Wednesday, June 11, 2025

Run!

Train to Busan — 2.5/5

Fine at the time—sets up clear characters at the outset, keeps the energy up from there—but in just a few days has mostly faded from memory because it never really develops the characters into anything more than the rough sketch. Teases at interesting character interactions and larger themes but nah, not really. 

Tuesday, June 10, 2025

We met amongst the tall trees.

Late Night With The Devil — 3.5/5

I feel like I tend to save my more pointed criticism to things that were almost something. I get frustrated at things that were almost good, almost great, because they went all this way and they got so close. This movie got so close! I love the premise! Blair Witch-adjacent, the fantasy that this might be real... an illusion which unfortunately the movie keeps breaking. Bad visual effects, from awkward CGI to faux-retro scanlines to poor Photoshops to the danged AI artwork, keep pulling you out of the movie, reminding you constantly that you are, indeed, watching a movie instead of a long-lost now-found tape from a bygone era. And a few more turns of the dial could have made the devil more real? Embrace even further the aesthetic of the time; use the tape from that era, remove the close-up documentary camera in the between-break interludes, replace it with a studio camera that was continuing to roll or an audio mic that never stopped recording. Welp, too late now! 

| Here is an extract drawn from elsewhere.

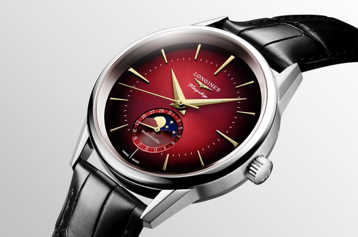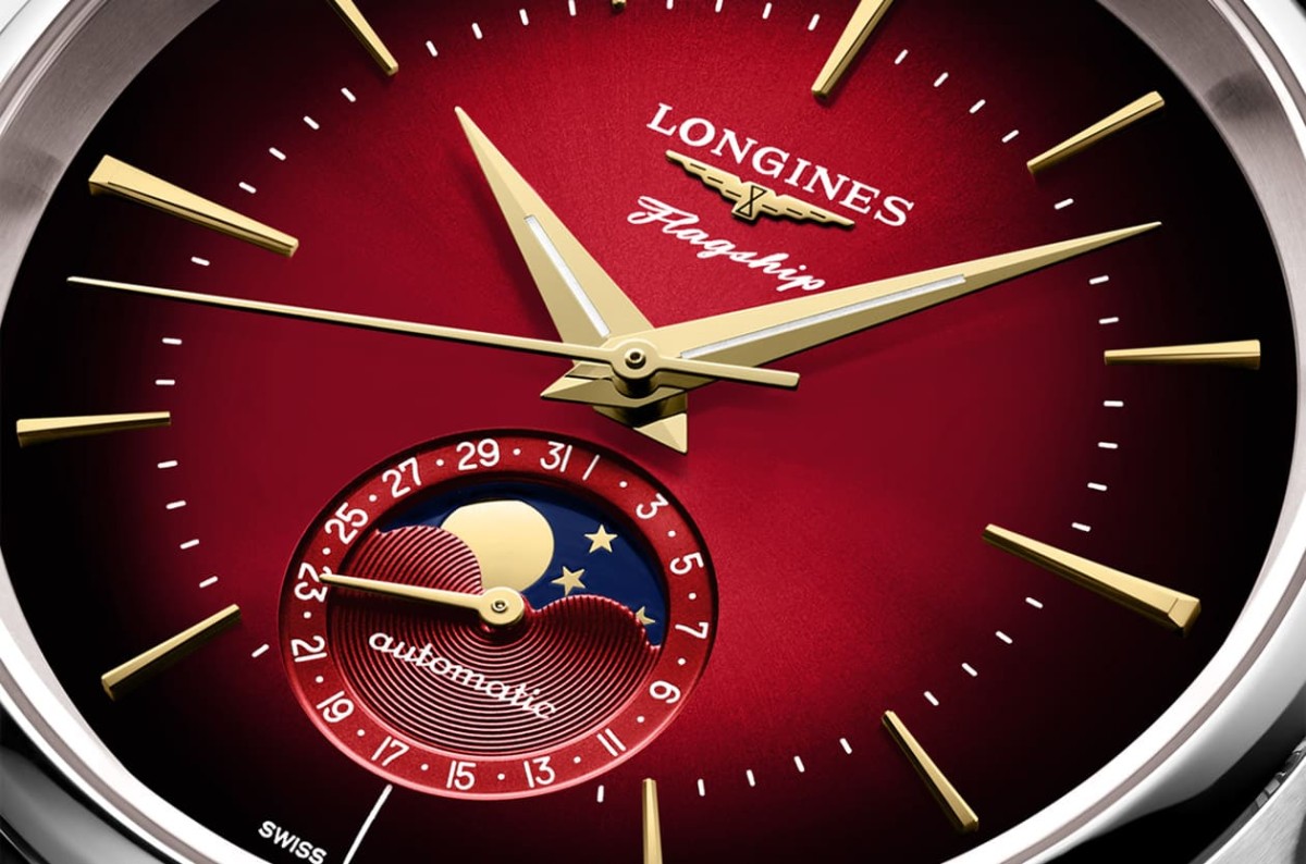 旗艦復刻系列龍年限定錶採用不鏽鋼材質,表示手錶的價格門檻不會難以高攀,從中顯見品牌希望可以讓更多人有機會入手一款獨具特色的生肖錶。錶款的尺寸不到40mm,很符合它外在斯斯文文的形象,浪琴表並替手錶配置黑色鱷魚皮錶帶,讓面盤的搶眼色調能進一步突顯。品牌這次亦開啟系列先例,將大中華地區過年過節不可少的應景顏色——紅色套用在手錶面盤上,而且紅色還呈現由中央到邊緣逐漸變深的漸層色澤,這種顏色是旗艦復刻系列過往未曾使用的,加上立體鑲貼時標與指針又都鍍上金色,徹底詮釋出農曆新年那種「一元復始,萬象更新」的濃濃賀歲感。
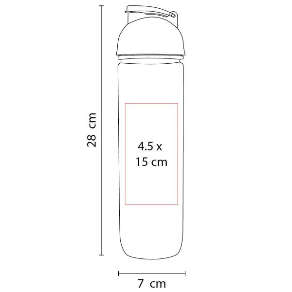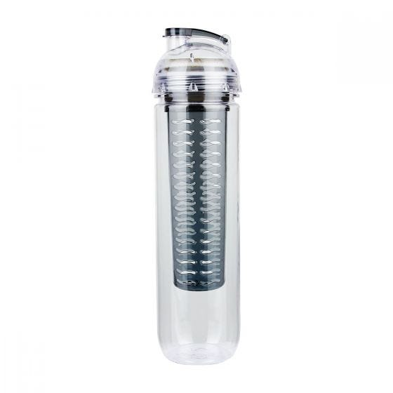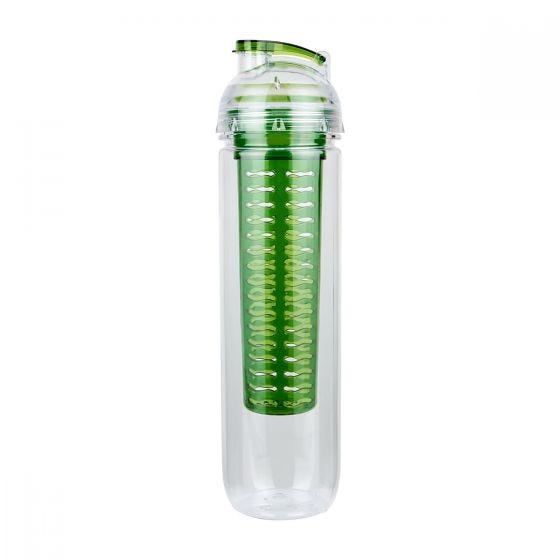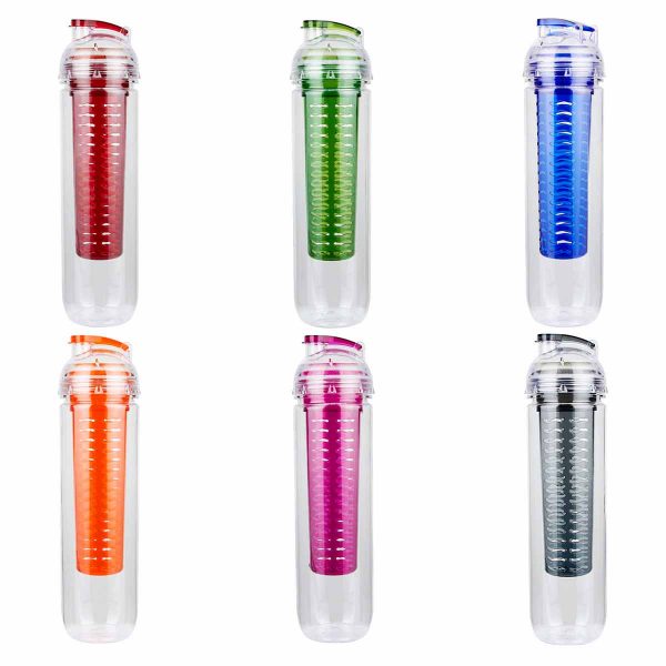 Cilindro con infusionador para frutas o bolsas de té. Tapa con sistema de rosca boquilla y sobre tapa que cierra a presión. Incluye caja individual.

All that to say, despite what I have to say, this is a fun movie that I would gladly rewatch on basic cable in this, the latter half of my life.  

Monday, June 2, 2025

Pulling on your pudding.

Alice Doesn't Live Here Anymore — 4/5

Here, in this movie that is nothing like what he does, is my favorite Martin Scorsese movie. I want to compare this to Jeanne Dielman; an American and American cinema version of seeing a woman go through the same repetitions, both more entertaining and with less depth. Scorsese captures a feeling of time and place and person; his rooms and cameras are art directed just enough to give it a feeling of something new without needing to steal attention from the movie's star, as it is her movie. Ellen Burstyn, appearing as a woman and a mother rarely seen, fills every frame. She's wonderful! There's a sweetness in her harshness and a fragility in her strength. No wonder they made this into a TV show, hoping it was the character instead of the actor. I've never seen it so fuck it, maybe it was? The Hollywood ending of it all betrays the movie, but it's also built up enough goodwill to that point to forgive it.